A Novel Estimation Method for Non-Probability Samples

Probability samples allow reliable estimation of population characteristics and have been successfully used in statistics for many decades. However, due to rising costs and declining response rates, researchers have begun to develop theory for reliable estimation based on alternative data sources. Non-probability samples, such as web-based opt-in panels, are often relatively easy and inexpensive to obtain, but may suffer from severe self-selection bias where traditional estimation techniques cannot be applied. To help with this, researchers at Statistics Canada have developed nppCART, a novel estimation methodology for non-probability samples. nppCART attempts to correct for the self-selection bias by incorporating additional information from an auxiliary probability sample. nppCART is a variant of the well-known CART algorithm, and may be considered a nonparametric method. It was conceived with the hope that its nonparametric nature may be more useful against nonlinearity or complex interactions among predictor variables than existing non-probability sample estimation techniques. Visit the 2019 Annual Meeting in Calgary site for resources on the project.

Framework

Framework for Responsible Machine Learning Processes

Machine learning is becoming an increasingly integral part of many projects at Statistics Canada. Data scientists are looking to implement a responsible framework for machine learning and artificial intelligence applications that are transitioning to production. The framework includes an evaluation of the project through the use of a checklist, followed by a peer review of the project. As a final step, the methodology is presented to the Scientific Review Committee. The goal of this project is to establish a review process that ensures responsible machine learning processes are put into production while promoting good and ethical data science practices. This framework will also guide data scientists as they develop new projects. For more information, please visit Responsible Machine Learning at Statistics Canada.

Data science expertise

The agency's data scientists are experts in artificial intelligence and machine learning, leading the agency in data science-related research and development.
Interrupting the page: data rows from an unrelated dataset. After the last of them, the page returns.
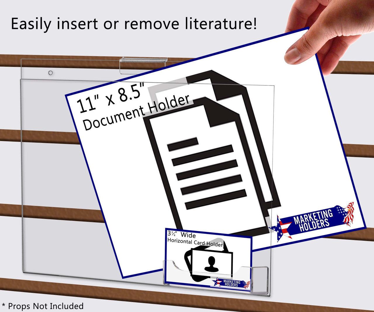 - Holds 11"W x 8.5"H literature and 3.5"W standard business cards
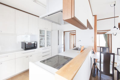 IHクッキングヒーターは料理が吹きこぼれると自動的に停止し、その後のお掃除もさっとふくだけ。お手入れがラクラクで奥様も大助かりだとか。
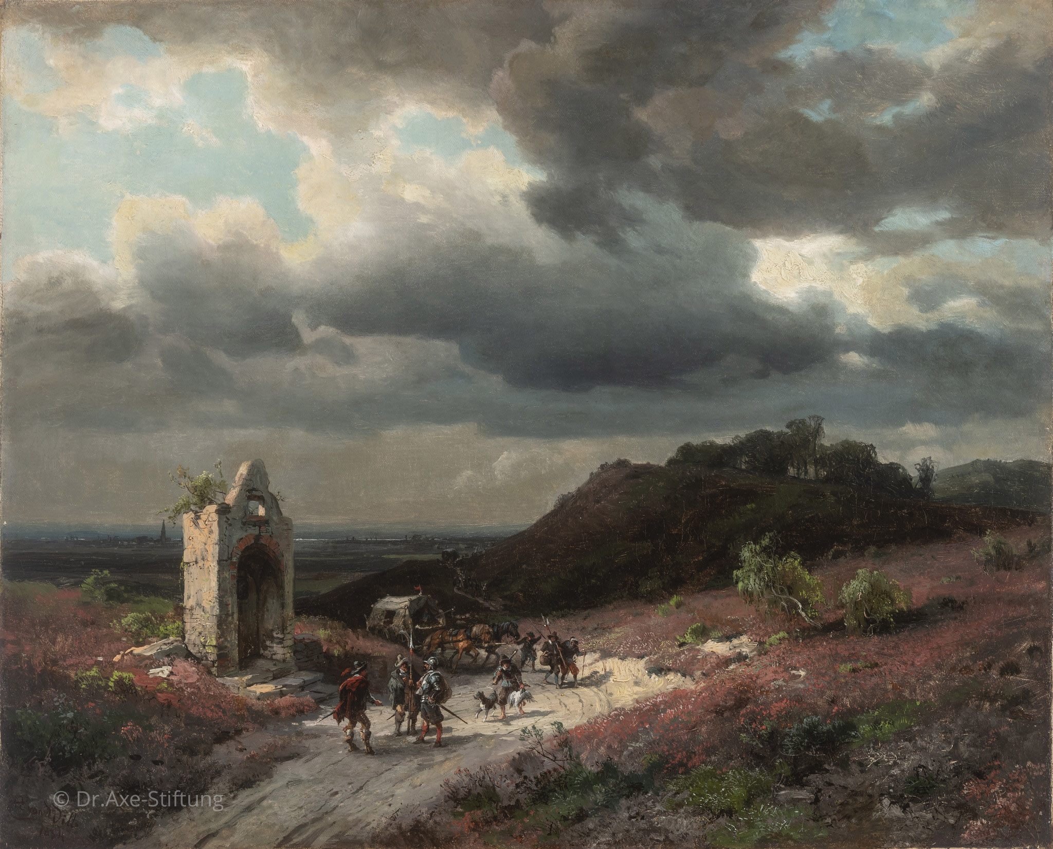 Gezeigt wird der Blick vom Grafenberg östlich von Düsseldorf auf die weite Rheinebene. Auf der Landstraße ist vor einem ruinösen Heiligenhäuschen eine Gruppe von Landsknechten in Uniformen des 17. Jahrhunderts dargestellt. Bei dem Bild aus dem Jahr 1854 handelt es sich um eine größere, um die Figurenszene bereicherte Fassung der 1853 datierten Ölstudie in der Sammlung der Dr. Axe-Stiftung.

The data scientists are pioneering new technologies and innovative data science methods, offering expertise in image processing, natural language processing, integration of cloud tools, traceability methods, privacy preserving techniques, information retrieval and much more!
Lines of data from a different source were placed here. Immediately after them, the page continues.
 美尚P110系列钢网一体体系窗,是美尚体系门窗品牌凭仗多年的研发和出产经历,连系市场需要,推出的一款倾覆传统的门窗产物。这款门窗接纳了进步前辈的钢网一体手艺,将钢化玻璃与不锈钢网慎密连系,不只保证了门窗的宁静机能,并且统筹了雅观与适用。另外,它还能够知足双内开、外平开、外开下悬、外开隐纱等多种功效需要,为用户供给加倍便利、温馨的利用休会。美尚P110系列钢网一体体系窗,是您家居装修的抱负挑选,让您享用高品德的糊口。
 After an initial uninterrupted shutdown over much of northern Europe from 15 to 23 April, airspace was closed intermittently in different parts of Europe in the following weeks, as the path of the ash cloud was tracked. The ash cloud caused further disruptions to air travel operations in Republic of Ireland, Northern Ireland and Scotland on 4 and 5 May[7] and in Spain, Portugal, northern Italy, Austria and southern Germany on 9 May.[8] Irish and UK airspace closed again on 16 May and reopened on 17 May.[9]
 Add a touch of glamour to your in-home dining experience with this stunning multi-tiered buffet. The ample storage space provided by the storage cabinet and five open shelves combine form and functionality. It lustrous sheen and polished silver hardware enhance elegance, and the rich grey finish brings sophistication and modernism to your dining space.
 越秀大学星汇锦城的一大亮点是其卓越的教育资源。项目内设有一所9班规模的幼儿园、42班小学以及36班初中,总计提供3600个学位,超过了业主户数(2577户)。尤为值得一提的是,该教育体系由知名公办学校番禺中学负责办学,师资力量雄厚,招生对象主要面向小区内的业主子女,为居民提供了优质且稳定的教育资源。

These experts have many areas of specialization, including supervised and unsupervised learning, artificial neural networks, reinforcement learning, data cloud engineering and more.

At Statistics Canada, these innovative methods are used to make more meaningful, powerful data insights.
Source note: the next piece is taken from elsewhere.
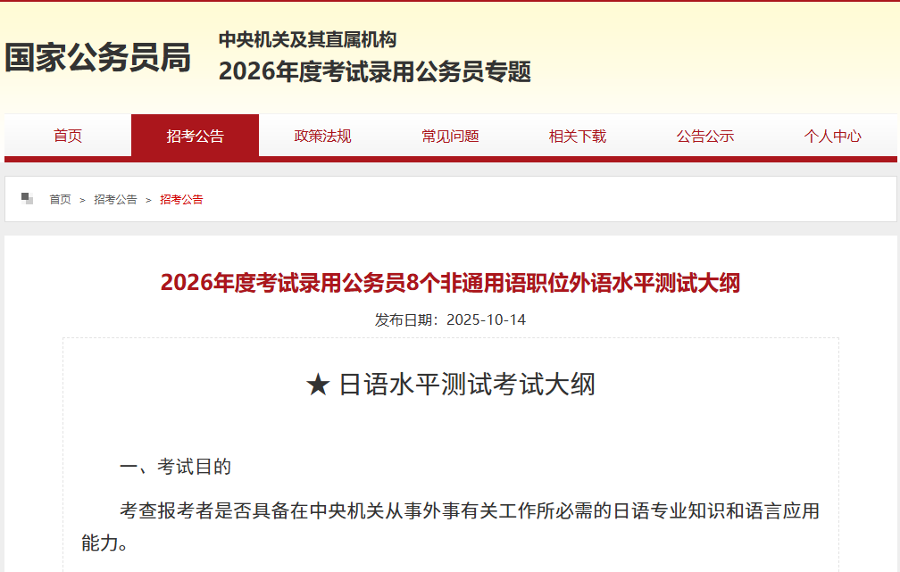 2026年度考试录用公务员8个非通用语职位外语水平测试大纲

Mission: building data science capacity

Statistics Canada's data science mission is to expand the capacity of data science and analytics within the Government of Canada and beyond.

What are the keys to building data science capacity?

Trust—Deliver concrete results while adhering to high ethical standards at all times to build trust in data science methods.

Innovation—Statistics Canada's data scientists are committed to identifying and adopting the latest data science practices to deliver fast results.

Quality—Statistics Canada's data science methods follow rigorous practices, including internal reviews of projects, to ensure high-quality results and valid statistical inference.

Collaboration—The agency is working with partners across the Government of Canada, academia, international partners and other members of the data science community to learn from one another and share leading-edge data science methods.

What are the benefits of data science for Canadians?

Data science allows Statistics Canada to better serve Canadians by creating high-value products and services. By applying the latest machine learning and artificial intelligence practices, the agency is able to quickly process large data sets in shorter periods of time, supporting the need for increasingly nuanced data to better understand our country and our economy.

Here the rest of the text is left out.